■ WORK INSTRUCTIONS:
Repeat the lines below exactly as they appear, but leave out the images.

Extracted records
......
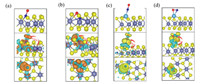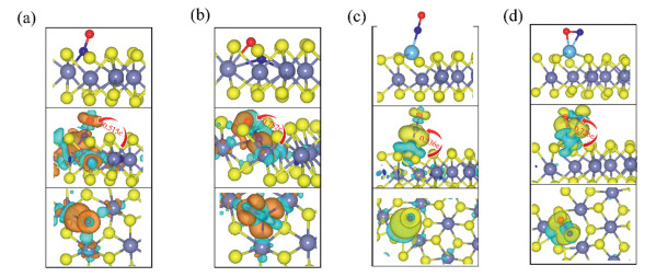 | Fig. 4. The charge density difference between NO and substrates, including (a) v-CrS2-S1, (b) v-CrS2-S2, (c) Ti@CrS2-S1, and (d) Ti@CrS2-Side, respectively. The yellow (orange) and green areas denote the accumulation and depletion of charge, respectively. Cr, S, N and O atoms are denoted with the forms of purple, yellow, blue, and red, respectively. | |
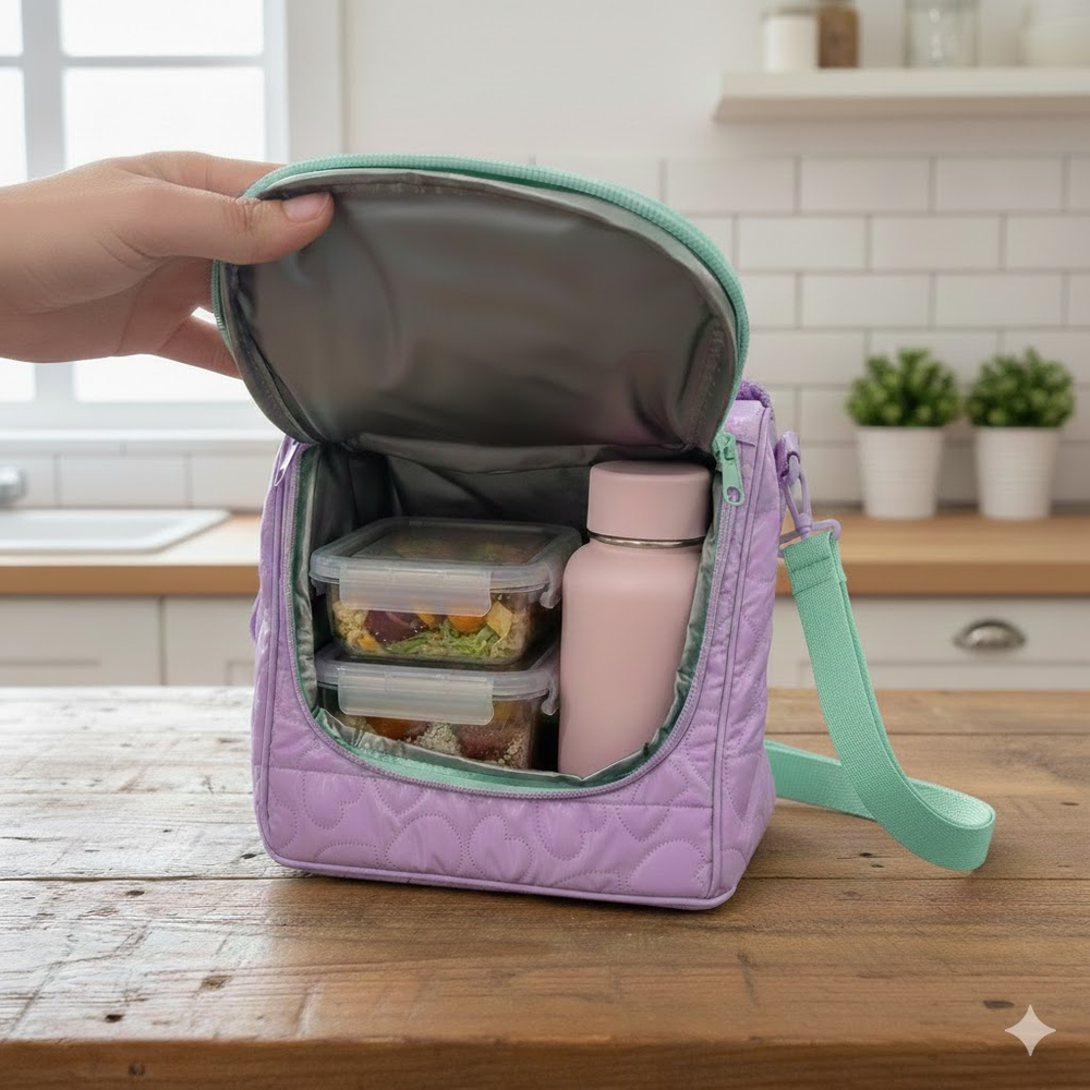 Lunchera térmica con diseño matelassé y apertura frontal para un acceso cómodo. Cuenta con cierre simple, manija superior y correa regulable para mayor practicidad en el uso diario. Ideal para conservar alimentos y bebidas por más tiempo.
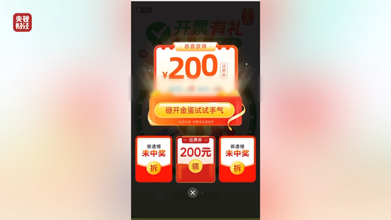 为了了解事情的真相,记者进行了大量的体验。“诺诺网”是一家电子发票第三方服务平台。在“诺诺网”开发票时记者发现,提交发票信息之后,在没有进行任何操作的情况下,页面会自动出现跳转,跳转至大转盘小游戏,进而引导记者进行抽奖。点击抽奖,系统随即提示“抽中大奖”,奖品是“200元话费券”。然而记者购买后,并没有任何话费到账,也没有看到200元的话费券,于是记者拨通了客服电话。
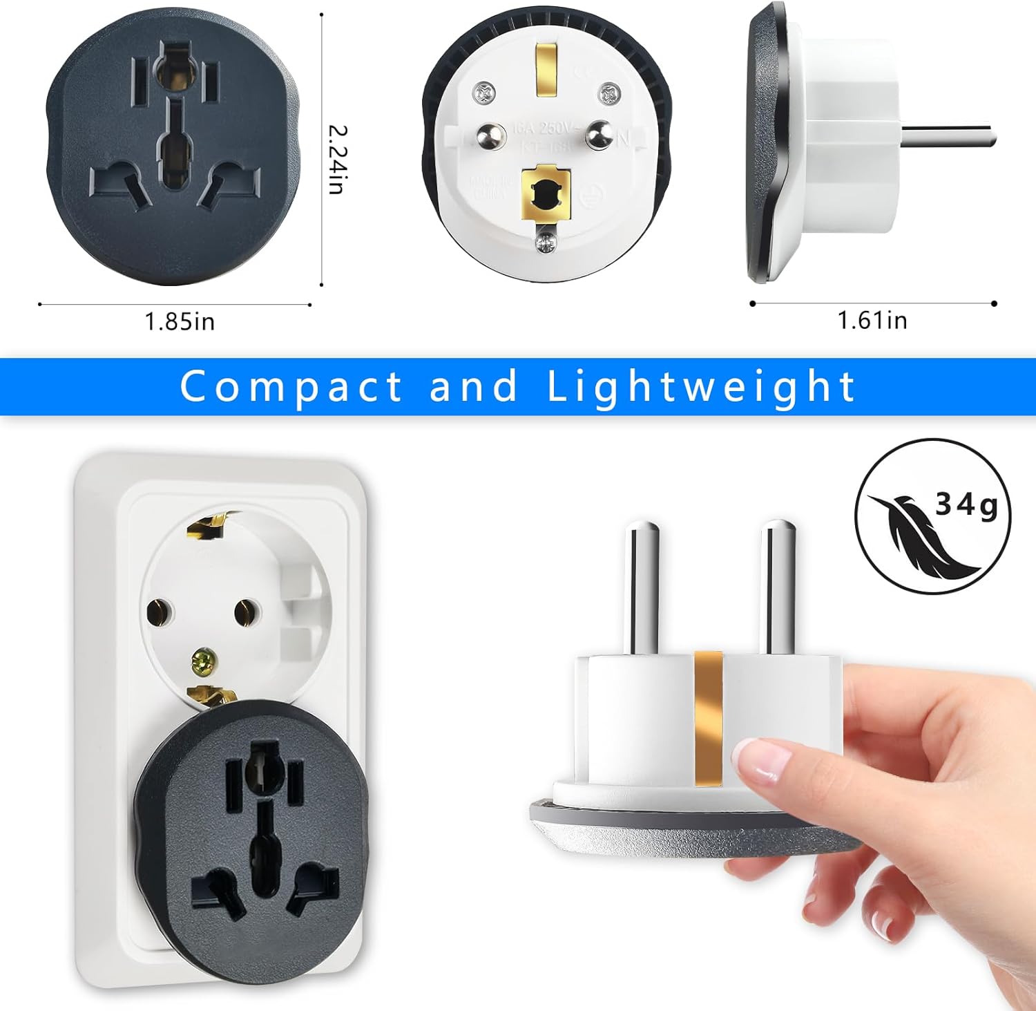 Lightweight and Compact,: The size of the adapter for europe plug is 1.9*2.1*1.9in, lightweight and compact, sturdy structure, easy to carry and store, our travel adapter is a must-have for your travel abroad.
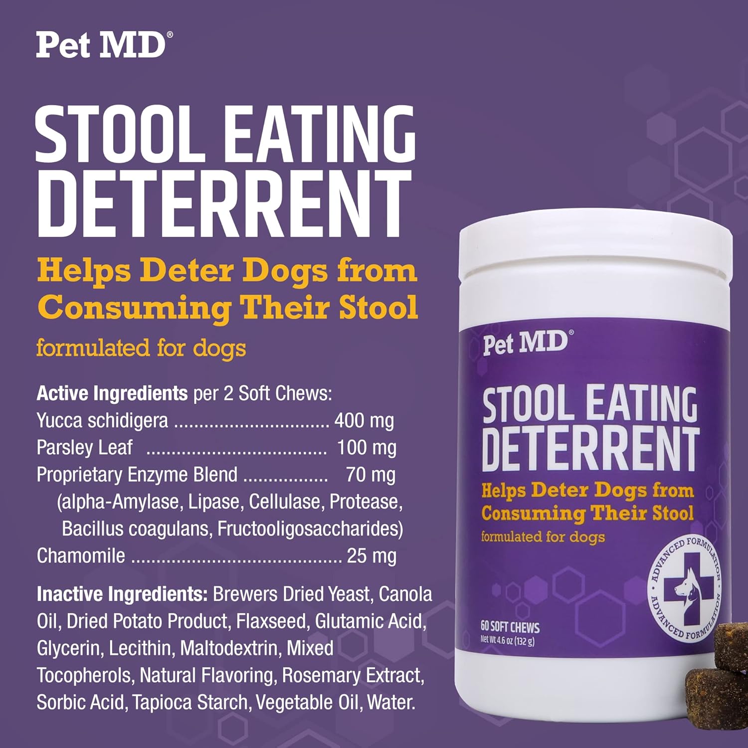 Stop Eating Poop for Dogs: Taste-aversion chews make droppings smell unappetizing to help prevent coprophagia of their stool or that of other dogs if they are also given Stool Eating Deterrent
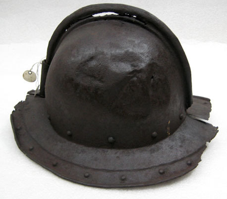 Av driven stålplåt, kraftigt korroderad med stora skador. Bestående av två halvor sammanfogade i en längsgående kam med omvikt, förstärkt kant. Rundad klocka, nertill med nitar i rad. Runtom löpande nedsvängt brätte med försänkt bård, uppdrivna nitar och invikt rundsmidd kant. Baktill plymhållare, H 61 mm, nedåt avsmalnande med tre hål. På insidan fyrsidiga nitbrickor, vid öronen med rester av läder.
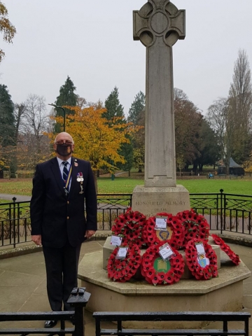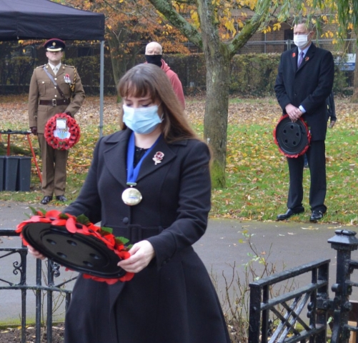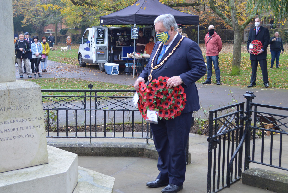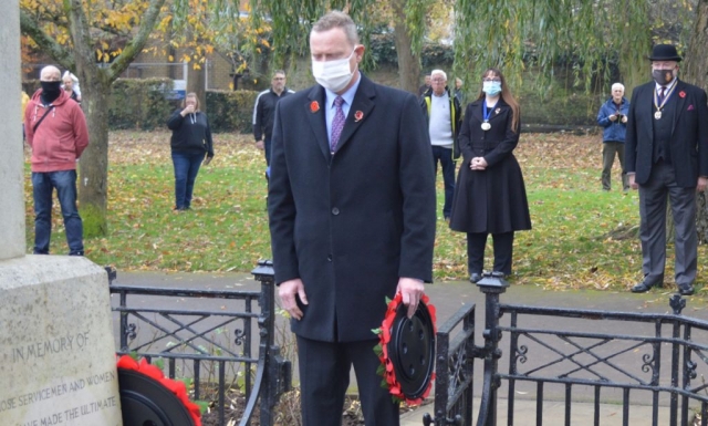 Remembrance Sunday has been marked at a small event in People’s Park today. Wreaths were laid at the War Memorial on Sunday morning.
......
■ EXERCISE SOLUTION:
 | Fig. 4. The charge density difference between NO and substrates, including (a) v-CrS2-S1, (b) v-CrS2-S2, (c) Ti@CrS2-S1, and (d) Ti@CrS2-Side, respectively. The yellow (orange) and green areas denote the accumulation and depletion of charge, respectively. Cr, S, N and O atoms are denoted with the forms of purple, yellow, blue, and red, respectively. | |
 Lunchera térmica con diseño matelassé y apertura frontal para un acceso cómodo. Cuenta con cierre simple, manija superior y correa regulable para mayor practicidad en el uso diario. Ideal para conservar alimentos y bebidas por más tiempo.
 为了了解事情的真相,记者进行了大量的体验。“诺诺网”是一家电子发票第三方服务平台。在“诺诺网”开发票时记者发现,提交发票信息之后,在没有进行任何操作的情况下,页面会自动出现跳转,跳转至大转盘小游戏,进而引导记者进行抽奖。点击抽奖,系统随即提示“抽中大奖”,奖品是“200元话费券”。然而记者购买后,并没有任何话费到账,也没有看到200元的话费券,于是记者拨通了客服电话。
 Lightweight and Compact,: The size of the adapter for europe plug is 1.9*2.1*1.9in, lightweight and compact, sturdy structure, easy to carry and store, our travel adapter is a must-have for your travel abroad.
 Stop Eating Poop for Dogs: Taste-aversion chews make droppings smell unappetizing to help prevent coprophagia of their stool or that of other dogs if they are also given Stool Eating Deterrent
 Av driven stålplåt, kraftigt korroderad med stora skador. Bestående av två halvor sammanfogade i en längsgående kam med omvikt, förstärkt kant. Rundad klocka, nertill med nitar i rad. Runtom löpande nedsvängt brätte med försänkt bård, uppdrivna nitar och invikt rundsmidd kant. Baktill plymhållare, H 61 mm, nedåt avsmalnande med tre hål. På insidan fyrsidiga nitbrickor, vid öronen med rester av läder.
 Remembrance Sunday has been marked at a small event in People’s Park today. Wreaths were laid at the War Memorial on Sunday morning.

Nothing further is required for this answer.